Essa é a parte difícil. Não ter o contraditório.

Há qualquer coisa sobre um ligeiro mau feitio, sobre uma teimosia…

Ele era teimoso, mas nele até isso era giro. E se não fossem a determinação e a teimosia dele se calhar os Xutos nunca tinham sido os Xutos e a vida dele não tinha sido o que foi.

Houve novas descobertas nesse processo de remexer, desenterrar, de atravessar arquivos?

O mais difícil aqui nem eram as coisas do Zé Pedro, porque dessas sabia mais ou menos o que havia e o que queria. A dificuldade estava mais no resto, no pintar depois a história, situar a época, todas aquelas imagens que pintam o filme — de Timor, da Guiné, da Lisboa daquela altura, do 25 de Abril, todas aquelas partes…

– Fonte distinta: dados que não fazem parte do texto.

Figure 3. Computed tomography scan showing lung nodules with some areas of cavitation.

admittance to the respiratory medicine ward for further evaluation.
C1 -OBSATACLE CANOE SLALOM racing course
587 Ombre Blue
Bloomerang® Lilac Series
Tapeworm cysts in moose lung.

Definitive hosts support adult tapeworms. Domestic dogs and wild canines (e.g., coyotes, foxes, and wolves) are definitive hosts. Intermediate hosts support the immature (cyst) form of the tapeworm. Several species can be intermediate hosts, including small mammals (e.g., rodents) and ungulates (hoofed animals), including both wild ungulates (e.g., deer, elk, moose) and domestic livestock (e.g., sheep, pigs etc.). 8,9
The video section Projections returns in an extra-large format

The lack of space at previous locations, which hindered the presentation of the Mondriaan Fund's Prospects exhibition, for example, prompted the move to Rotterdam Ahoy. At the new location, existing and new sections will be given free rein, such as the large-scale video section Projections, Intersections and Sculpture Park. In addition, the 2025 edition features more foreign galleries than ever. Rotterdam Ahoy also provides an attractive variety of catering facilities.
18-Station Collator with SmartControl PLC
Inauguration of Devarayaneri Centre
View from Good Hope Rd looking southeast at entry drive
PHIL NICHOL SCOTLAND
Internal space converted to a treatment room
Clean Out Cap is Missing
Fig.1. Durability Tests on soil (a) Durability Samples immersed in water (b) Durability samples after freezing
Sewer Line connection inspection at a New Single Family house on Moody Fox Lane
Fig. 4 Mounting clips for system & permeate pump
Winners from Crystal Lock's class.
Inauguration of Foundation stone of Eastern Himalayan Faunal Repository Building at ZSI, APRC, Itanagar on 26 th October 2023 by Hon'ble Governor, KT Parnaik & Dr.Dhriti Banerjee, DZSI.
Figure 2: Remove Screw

… o Mick Jagger, o Miles Davis na primeira vinda a Lisboa. 

No Cascais Jazz, que é o primeiro concerto que ele vê, com o pai. 

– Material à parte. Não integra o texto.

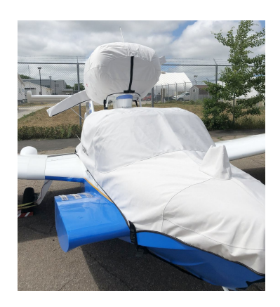
Coot Canopy/Nose, Engine & Prop Covers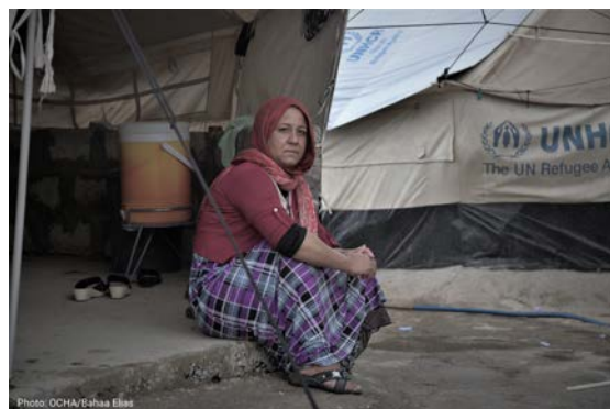
IDP woman from Sinjar district, Ninewa governorate, sits in front of her tent at Khanki IDP camp, Dahuk governorate. Returns of IDPs in camps have been slower than expected, raising concerns over their protracted displacement.

Despite government-imposed bureaucratic impediments and persistent access constraints affecting parts of the country, humanitarian partners have expanded their operational presence including in some newly accessible areas. Together, 105 humanitarian partners reached 1.3 million (38 per cent) of 3.4 million people targeted under the Humanitarian Response Plan (HRP) in the first five months of 2018. Response progress varied across clusters and geographical locations. Over 65 per cent of activities reported were in Ninewa governorate, where assessed needs were the most severe, while beneficiary reach and programmatic deliverables in other governorates were limited. Further, delayed donor contributions and unmet funding requirements have put off the commencement of some key humanitarian projects and are threatening the closure of those that have started.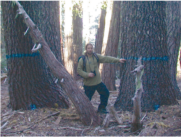
Ancient forest marked for logging in the Deadwood Timber Sale.

Essas histórias, o Diogo já conhecia todas? O Miles Davis, a história do Interrail…

Isso quem é mais próximo dele sabe que realmente o ponto de viragem foi aquele. 

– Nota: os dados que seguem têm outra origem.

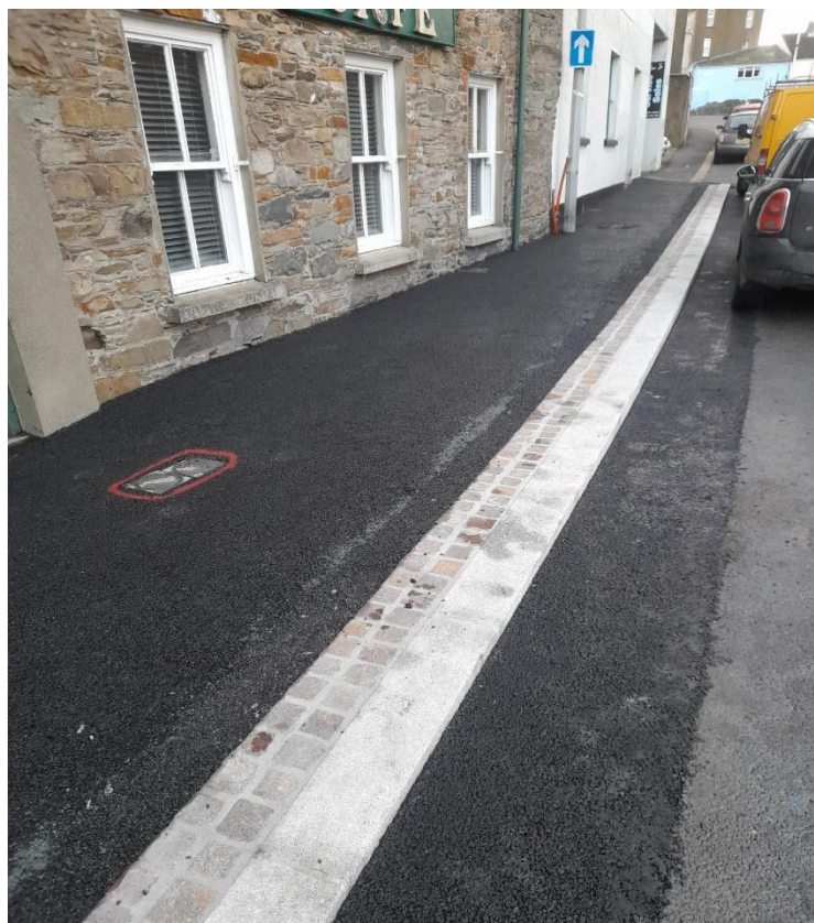
Works progressing on Castle Street with the base material and porphyry band laid

Welcome to the sixth newsletter for the Portaferry Public Realm Scheme. Newsletters will be issued fortnightly as works progress to keep residents and businesses updated on progress and future work schedules. You can register to receive these newsletters by emailing 'SUBSCRIBE' to portaferrypublicrealm@ardsandnorthdown.gov.uk . Alternatively, printed newsletters will be delivered to Exploris, Portaferry Library and Portaferry Post Office and can be picked up from there by anyone interested in the scheme who does not have access to email.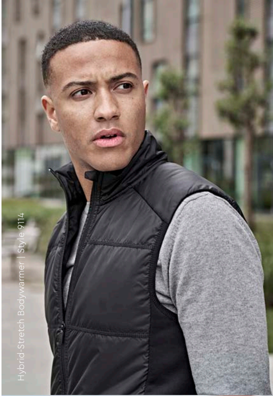
Hybrid-Stretch Bodywarmer | Style 9114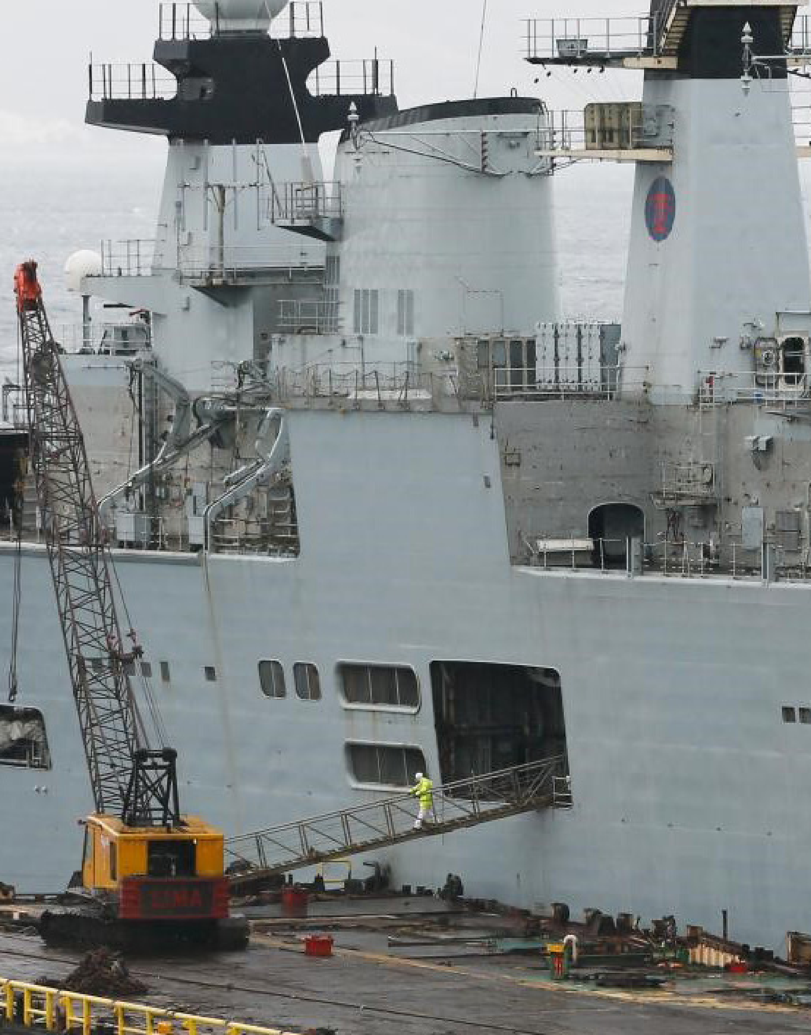
Arrival Photo 27 Dec 2016.

Isso percebe-se pelas histórias que eles contam de quem ele era quando voltou. Como aquela história dos avós, que de repente o apresentavam como…

… como «um amigo dos netos» [risos]. Temos de ver isso à época, não é? Lembro-me de que quando era miúdo e usava moicano as pessoas mudavam de passeio, portanto…

E vocês têm uma diferença de idades grande.

Tenho 48, o Zé Pedro teria 62.

Quando ele foi morar para vossa casa…

… eu era miúdo, foi no princípio dos Xutos, teria 7, 8 anos. Ele vivia com a minha tia, a Mizé, e vivíamos todos em casa da minha avó, a Celeste Rodrigues, que aliás foi a primeira morada nos contratos dos Xutos: era a casa da Celeste Rodrigues.

Eles moravam nos Olivais, a família dele. 

Sim, e ele saiu de casa e foi viver para lá, passou a ser o tio Zepas.

Como é que naquela altura um miúdo via uma figura daquelas?

Os Xutos estavam no princípio, devo ter visto o segundo ou o terceiro concerto deles — não vi o primeiro porque foi nos Alunos de Apolo à noite e eu não podia entrar. Mas houve um que foram fazer ao Liceu Maria Amália e eu fui ver esse concerto. Lembro-me perfeitamente. Ele era mesmo boa onda e sempre teve um jeito do caraças com crianças. 

Isso está no filme também.

Tinha um jeitão enorme. Levava-nos sempre ao cinema. As primeiras vezes que fui ao cinema devem ter sido com ele. Era um programa que fazíamos várias vezes: ir ao cinema e, quando comecei a ter idade, aos concertos. Montes de vezes, mas ia sempre um grupo enorme. Lembro-me de vir aqui ao Coliseu a imensos concertos com ele, concertos de bandas que conhecia por intermédio dele, como os Morphine, os Smashing Pumpkins… A primeira vez que os ouvi foi porque ele me pediu para comprar um CD para ele na América numa viagem que tinha feito. «Smashing quê, isso é uma banda?». Os Nirvana: a primeira vez que ouvi Nirvana foi por causa dele. E o Johnny Guitar também era uma escola nesse sentido. Tudo o que era novo passava lá primeiro. 

Em relação à banda sonora, de que quase falámos no início, o filme começa com uma entrevista em que eles eram mesmo muito novos…

… mesmo no início, isso ainda é da altura em que ele vivia lá em casa. 

E depois corta para a Quando Eu Morrer.

Uma música que durante anos eles não tocaram, porque a mãe do Zé também morreu de cancro e eles tiraram aquela música do alinhamento durante muito tempo.

Era a escolha óbvia. Mas aquilo de que queria falar é sobre a música dos Xutos estar presente, mas não omnipresente.

Ainda há umas oito ou nove músicas dos Xutos, assim de cabeça. Ainda são bastantes só que estão partidas — e há imensa música no filme. Mas o filme não é sobre os Xutos, é sobre o Zé Pedro.